Aim of the task » In the records below, repeat exactly the lines between the line holding "5月23日上午,有网友爆料兰" and the line holding "30Pcs Water Transfer", inclusive, and drop the pictures.

Material for the task »
········

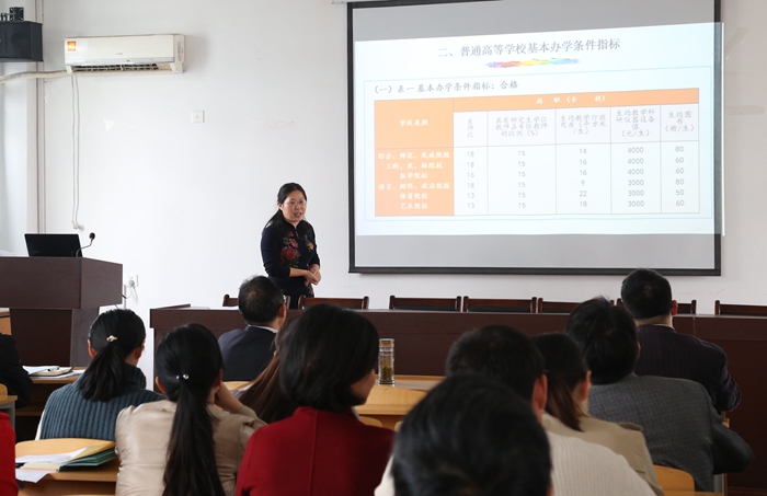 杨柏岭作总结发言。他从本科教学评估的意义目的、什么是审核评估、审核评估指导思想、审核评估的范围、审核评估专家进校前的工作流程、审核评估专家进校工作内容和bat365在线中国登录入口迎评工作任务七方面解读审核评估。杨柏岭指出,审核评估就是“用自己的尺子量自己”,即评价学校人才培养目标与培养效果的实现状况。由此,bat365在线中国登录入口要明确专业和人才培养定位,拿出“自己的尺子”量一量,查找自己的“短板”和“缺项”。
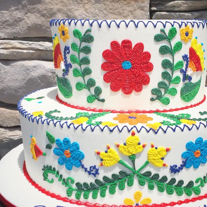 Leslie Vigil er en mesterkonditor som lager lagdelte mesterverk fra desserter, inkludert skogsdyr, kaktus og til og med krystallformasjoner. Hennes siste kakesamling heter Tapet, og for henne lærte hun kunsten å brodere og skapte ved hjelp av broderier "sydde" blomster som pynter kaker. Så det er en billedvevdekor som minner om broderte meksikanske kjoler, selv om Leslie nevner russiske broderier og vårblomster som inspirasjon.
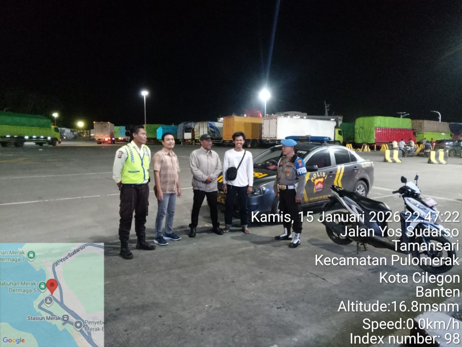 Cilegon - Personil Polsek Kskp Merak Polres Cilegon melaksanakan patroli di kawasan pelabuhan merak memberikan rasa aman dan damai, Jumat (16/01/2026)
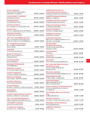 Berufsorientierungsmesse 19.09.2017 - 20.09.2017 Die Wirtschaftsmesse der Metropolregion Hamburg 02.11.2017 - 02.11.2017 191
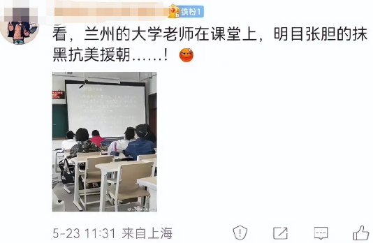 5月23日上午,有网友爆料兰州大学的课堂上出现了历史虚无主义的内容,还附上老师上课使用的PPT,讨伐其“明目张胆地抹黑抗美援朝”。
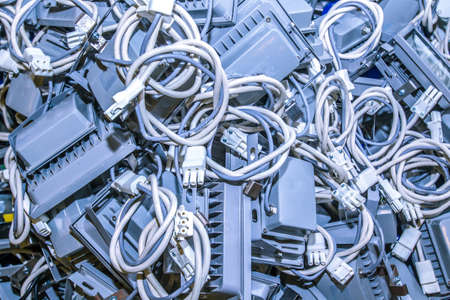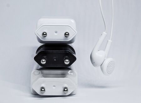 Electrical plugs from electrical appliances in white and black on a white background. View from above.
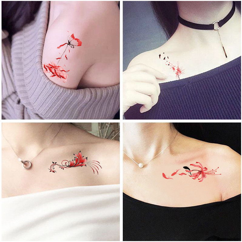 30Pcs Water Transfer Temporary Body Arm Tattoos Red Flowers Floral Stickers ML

········

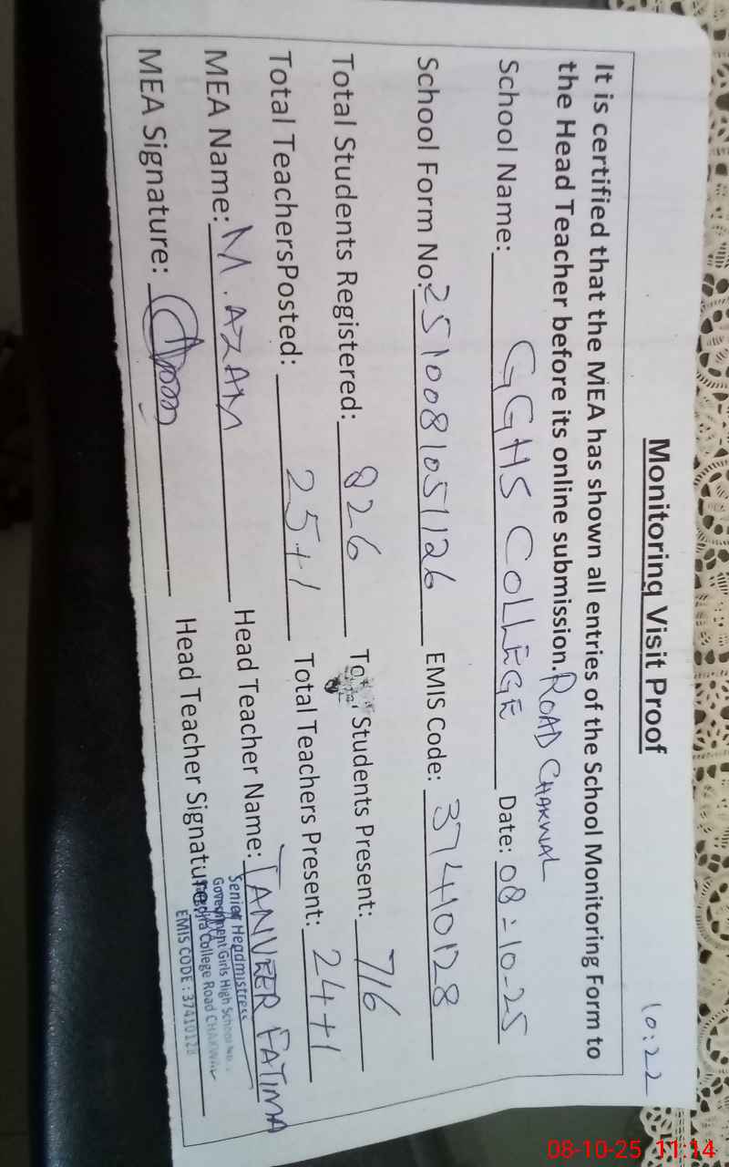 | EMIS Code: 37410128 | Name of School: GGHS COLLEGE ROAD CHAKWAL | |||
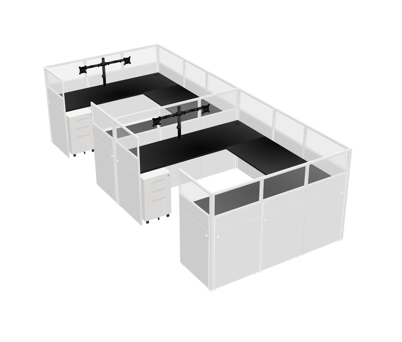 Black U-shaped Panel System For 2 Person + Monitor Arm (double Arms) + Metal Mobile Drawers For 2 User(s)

········

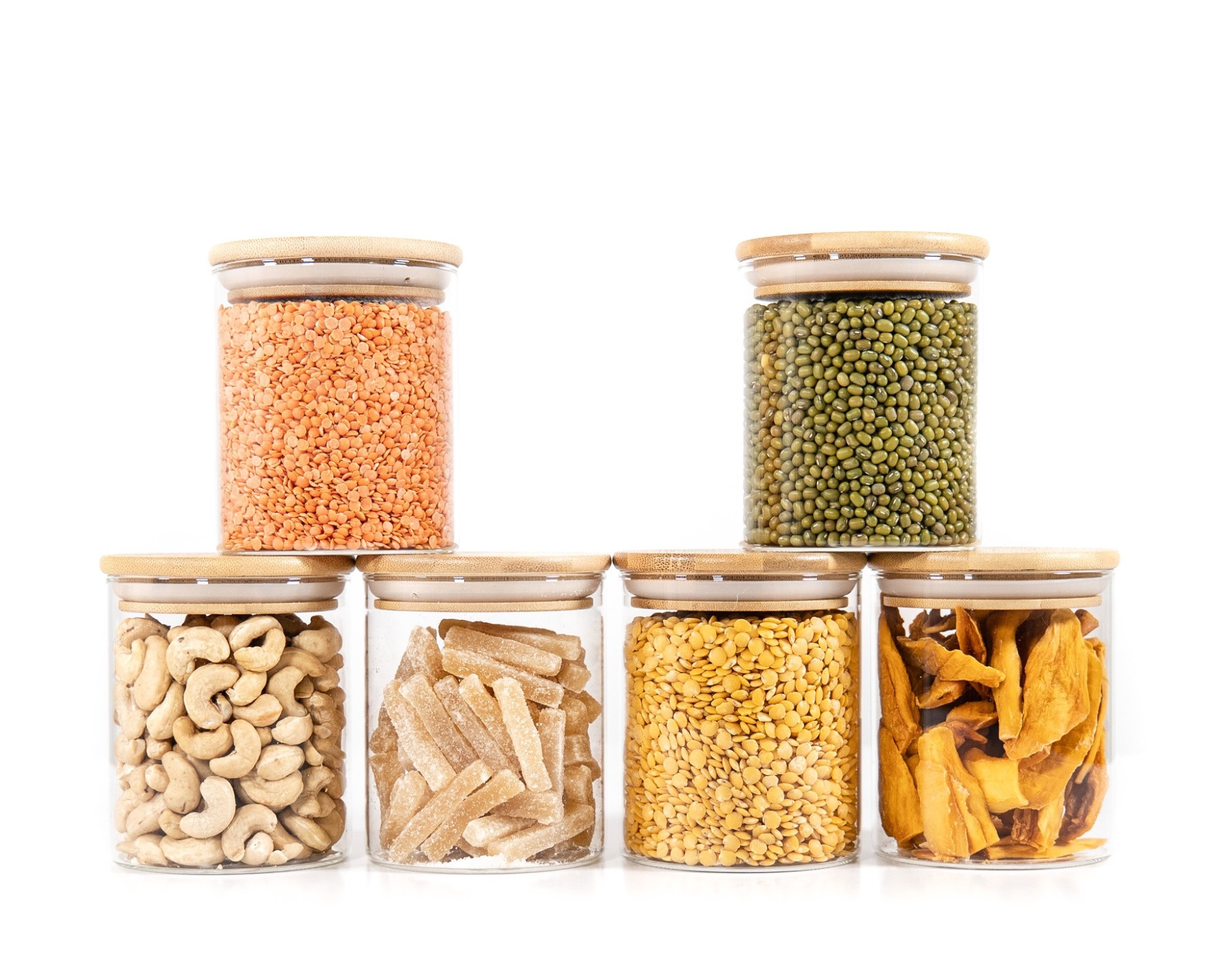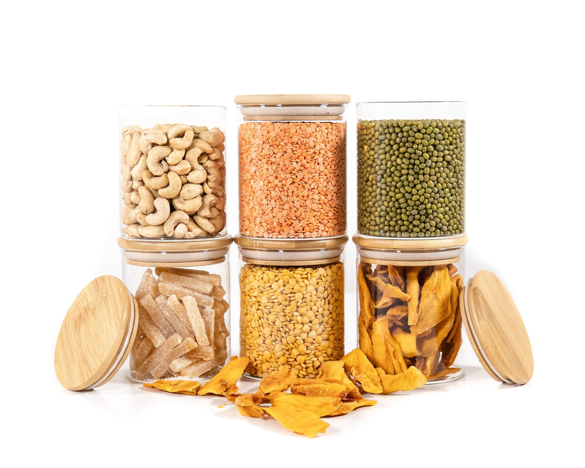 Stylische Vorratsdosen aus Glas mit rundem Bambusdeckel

········

Written response »
 5月23日上午,有网友爆料兰州大学的课堂上出现了历史虚无主义的内容,还附上老师上课使用的PPT,讨伐其“明目张胆地抹黑抗美援朝”。
 Electrical plugs from electrical appliances in white and black on a white background. View from above.
 30Pcs Water Transfer Temporary Body Arm Tattoos Red Flowers Floral Stickers ML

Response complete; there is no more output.